The Intergovernmental Panel on Climate Change estimates that meeting the 1.5°C goal will mean capturing and storing hundreds of billions of tonnes of carbon dioxide by 2100, with a median estimate of 730bn tonnes—roughly 17 times this year’s carbon-dioxide emissions. In terms of designing, planning and building really large amounts of infrastructure, 2050 is not that far away. That is why methods of providing negative emissions need to be developed right now.

That raises two problems, one technological, the other psychological. The technological one is that sucking tens of billions of tonnes of carbon dioxide out of the atmosphere every year is an enormous undertaking for which the world is not prepared. In principle it is simple to remove carbon dioxide by incorporating it in trees and plants or by capturing it from the flue gas of industrial plants and sequestering it underground. Ingenious new techniques may also be waiting to be discovered. But planting trees on a scale even remotely adequate to the task requires something close to a small continent. And developing the engineering systems to capture large amounts of carbon has been a hard slog, not so much because of scientific difficulties as the lack of incentives (see Briefing).

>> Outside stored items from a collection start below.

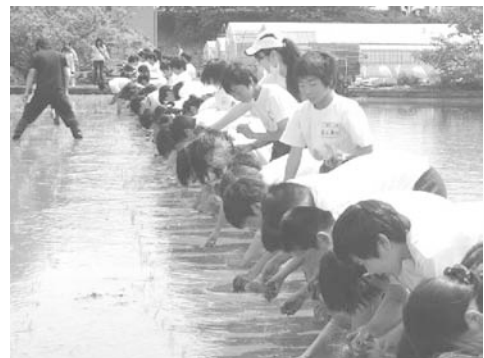
〈5年生の田植え体験〉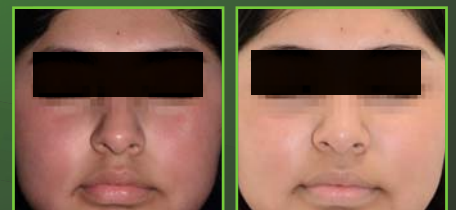
Vor & nach 1er Behandlung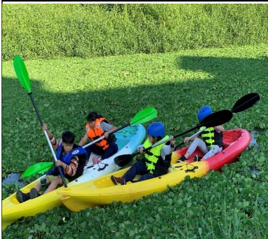
校本課程客雅溪獨木舟體驗

The psychological problem is that, even while the capacity to ensure negative emissions languishes underdeveloped, the mere idea that they will one day be possible eats away at the perceived urgency of cutting emissions today. When the 2°C limit was first proposed in the 1990s, it was plausible to imagine that it might be met by emissions cuts alone. The fact that it can still be talked about today is almost entirely thanks to how the models with which climate prognosticators work have been revised to add in the gains from negative emissions. It is a trick that comes perilously close to magical thinking.

This puts policymakers in a bind. It would be reckless not to try to develop the technology for negative emissions. But strict limits need to be kept on the tendency to demand more and more of that technology in future scenarios. As at kindergarten, some discipline is necessary.

The first discipline is to keep in mind whose mess this is. One of the easiest routes to negative emissions is to grow plants. And the world’s cheap land tends to be in poor places. Some of these places would welcome investment in reforestation and afforestation, but they would also need to be able to integrate such endeavours into development plans which reflect their people’s needs.

The second discipline is for those who talk blithely of “net zero”. When they do so, they should be bound to say what level of emissions they envisage, and thus how much negative emitting their pledge commits them to. The stricter they are about its use, the less they are in reality accommodating today’s polluters.

Government capture

The third discipline is that governments need to take steps to make negative emissions practicable at scale. In particular, research and incentives are needed to develop and deploy carbon-capture systems for industries, such as cement, that cannot help but produce carbon dioxide. A price on carbon is an essential step if such systems are to be efficient. The trouble is that a price high enough to make capture profitable at this stage in its development would be unfeasibly high. For the time being, therefore, other sticks and carrots will be needed. Governments tend to plead that radical action today is just too hard. And yet those very same governments enthusiastically turn to negative emissions as an easy way to make their climate pledges add up.